*** Opening of GIVEN DATA ***

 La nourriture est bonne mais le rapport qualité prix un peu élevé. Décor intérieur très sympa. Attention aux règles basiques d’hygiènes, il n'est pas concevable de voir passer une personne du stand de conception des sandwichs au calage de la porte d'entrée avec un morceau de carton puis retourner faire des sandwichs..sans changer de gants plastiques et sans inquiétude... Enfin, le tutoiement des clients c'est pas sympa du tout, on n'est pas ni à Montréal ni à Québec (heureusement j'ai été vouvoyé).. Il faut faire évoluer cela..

*** Close of GIVEN DATA ***
*** Opening of GIVEN DATA ***

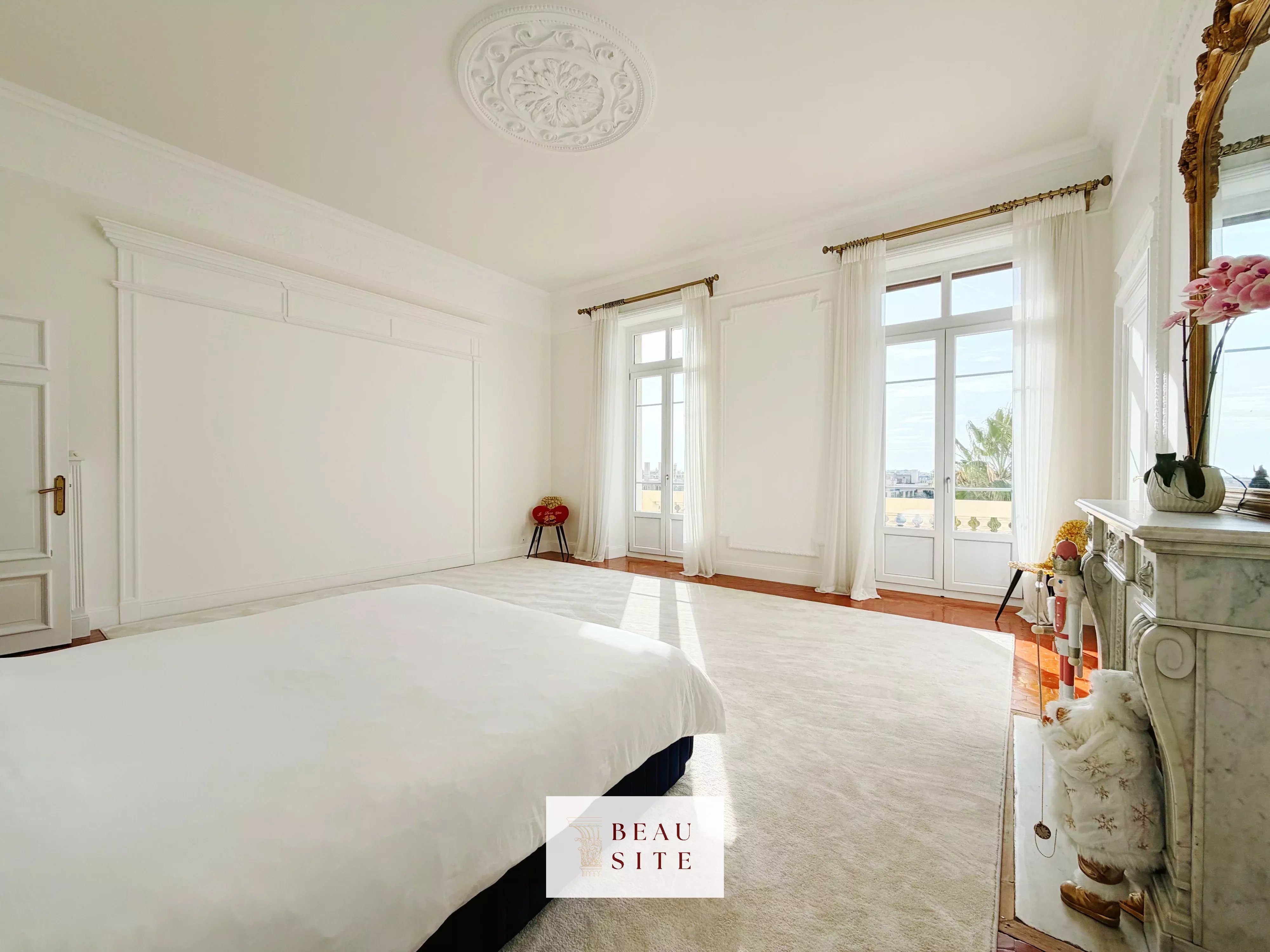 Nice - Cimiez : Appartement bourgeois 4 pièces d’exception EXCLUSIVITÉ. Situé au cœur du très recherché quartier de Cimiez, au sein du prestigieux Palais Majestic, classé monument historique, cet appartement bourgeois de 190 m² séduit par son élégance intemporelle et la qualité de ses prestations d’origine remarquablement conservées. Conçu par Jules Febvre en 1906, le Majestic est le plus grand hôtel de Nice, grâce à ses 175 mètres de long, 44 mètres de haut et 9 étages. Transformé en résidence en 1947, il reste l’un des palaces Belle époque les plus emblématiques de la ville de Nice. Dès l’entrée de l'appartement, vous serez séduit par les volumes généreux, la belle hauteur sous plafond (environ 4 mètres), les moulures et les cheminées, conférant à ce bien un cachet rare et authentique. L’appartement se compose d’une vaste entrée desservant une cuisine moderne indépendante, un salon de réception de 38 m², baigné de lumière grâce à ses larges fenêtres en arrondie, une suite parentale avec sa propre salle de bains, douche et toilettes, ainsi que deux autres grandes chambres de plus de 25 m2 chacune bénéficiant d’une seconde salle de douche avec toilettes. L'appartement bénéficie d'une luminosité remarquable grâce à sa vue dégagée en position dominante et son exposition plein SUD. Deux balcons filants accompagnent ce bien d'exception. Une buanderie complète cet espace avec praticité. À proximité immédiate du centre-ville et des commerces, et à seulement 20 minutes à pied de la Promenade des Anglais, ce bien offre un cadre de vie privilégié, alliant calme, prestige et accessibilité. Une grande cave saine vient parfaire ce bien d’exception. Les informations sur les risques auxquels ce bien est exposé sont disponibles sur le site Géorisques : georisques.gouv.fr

*** Close of GIVEN DATA ***
*** Opening of GIVEN DATA ***

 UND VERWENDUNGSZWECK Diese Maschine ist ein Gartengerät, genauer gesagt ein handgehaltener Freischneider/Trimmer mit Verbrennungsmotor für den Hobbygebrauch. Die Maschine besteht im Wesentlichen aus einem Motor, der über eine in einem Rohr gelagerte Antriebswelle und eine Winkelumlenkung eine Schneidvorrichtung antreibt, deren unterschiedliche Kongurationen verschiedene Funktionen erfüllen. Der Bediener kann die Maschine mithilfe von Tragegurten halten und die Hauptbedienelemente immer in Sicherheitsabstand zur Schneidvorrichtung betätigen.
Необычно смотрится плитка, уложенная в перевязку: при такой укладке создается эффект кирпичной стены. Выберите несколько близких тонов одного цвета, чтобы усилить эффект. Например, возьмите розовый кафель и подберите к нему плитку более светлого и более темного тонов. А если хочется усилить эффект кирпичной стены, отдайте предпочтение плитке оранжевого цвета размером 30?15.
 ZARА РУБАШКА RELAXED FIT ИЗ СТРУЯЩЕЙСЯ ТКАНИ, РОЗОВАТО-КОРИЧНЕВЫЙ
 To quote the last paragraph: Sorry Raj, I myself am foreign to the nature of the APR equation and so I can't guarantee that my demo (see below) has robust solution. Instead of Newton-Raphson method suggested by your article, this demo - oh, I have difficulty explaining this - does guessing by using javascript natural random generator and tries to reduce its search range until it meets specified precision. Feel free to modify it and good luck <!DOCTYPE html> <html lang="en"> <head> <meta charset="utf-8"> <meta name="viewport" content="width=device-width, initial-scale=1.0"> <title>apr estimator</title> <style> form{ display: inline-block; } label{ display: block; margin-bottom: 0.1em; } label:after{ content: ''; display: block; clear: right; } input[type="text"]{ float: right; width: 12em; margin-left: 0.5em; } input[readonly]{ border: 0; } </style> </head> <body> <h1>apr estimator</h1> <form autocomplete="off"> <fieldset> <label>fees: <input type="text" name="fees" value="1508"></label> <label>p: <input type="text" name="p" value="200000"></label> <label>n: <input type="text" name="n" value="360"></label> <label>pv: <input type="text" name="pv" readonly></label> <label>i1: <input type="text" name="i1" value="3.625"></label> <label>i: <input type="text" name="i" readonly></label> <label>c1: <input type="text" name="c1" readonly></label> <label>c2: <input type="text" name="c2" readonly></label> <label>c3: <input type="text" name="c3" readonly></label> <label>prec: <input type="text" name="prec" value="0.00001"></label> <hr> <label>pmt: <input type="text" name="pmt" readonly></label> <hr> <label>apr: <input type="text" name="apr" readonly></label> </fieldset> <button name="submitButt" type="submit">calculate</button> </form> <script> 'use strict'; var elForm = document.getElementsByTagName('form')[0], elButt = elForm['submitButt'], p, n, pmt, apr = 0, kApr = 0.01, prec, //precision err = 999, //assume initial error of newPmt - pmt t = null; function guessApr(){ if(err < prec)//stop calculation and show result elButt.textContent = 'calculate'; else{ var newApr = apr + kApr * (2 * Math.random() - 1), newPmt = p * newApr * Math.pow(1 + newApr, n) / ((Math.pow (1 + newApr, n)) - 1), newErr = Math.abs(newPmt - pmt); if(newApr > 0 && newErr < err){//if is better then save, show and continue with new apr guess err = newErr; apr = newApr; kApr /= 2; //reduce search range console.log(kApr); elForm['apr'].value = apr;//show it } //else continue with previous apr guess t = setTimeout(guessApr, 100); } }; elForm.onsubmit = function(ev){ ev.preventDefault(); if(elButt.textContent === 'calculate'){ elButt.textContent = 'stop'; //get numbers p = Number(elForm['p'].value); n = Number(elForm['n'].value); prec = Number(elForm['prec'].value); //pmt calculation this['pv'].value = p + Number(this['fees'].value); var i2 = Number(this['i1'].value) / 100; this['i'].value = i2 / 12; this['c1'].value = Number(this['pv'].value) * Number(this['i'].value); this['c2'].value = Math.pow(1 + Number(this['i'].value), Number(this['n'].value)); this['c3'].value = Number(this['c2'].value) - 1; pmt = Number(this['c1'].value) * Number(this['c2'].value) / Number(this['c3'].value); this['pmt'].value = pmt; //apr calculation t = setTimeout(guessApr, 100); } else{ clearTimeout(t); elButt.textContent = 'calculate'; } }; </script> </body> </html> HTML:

*** Close of GIVEN DATA ***

**TASK INSTRUCTIONS**
In the records above, find the line with "Необычно смотрится плитка, уложенная"; write out exactly that line and each one after it, stopping after the line with "ZARА РУБАШКА RELAXED".

**SOLUTION FOR THIS TASK**
Необычно смотрится плитка, уложенная в перевязку: при такой укладке создается эффект кирпичной стены. Выберите несколько близких тонов одного цвета, чтобы усилить эффект. Например, возьмите розовый кафель и подберите к нему плитку более светлого и более темного тонов. А если хочется усилить эффект кирпичной стены, отдайте предпочтение плитке оранжевого цвета размером 30?15.
 ZARА РУБАШКА RELAXED FIT ИЗ СТРУЯЩЕЙСЯ ТКАНИ, РОЗОВАТО-КОРИЧНЕВЫЙ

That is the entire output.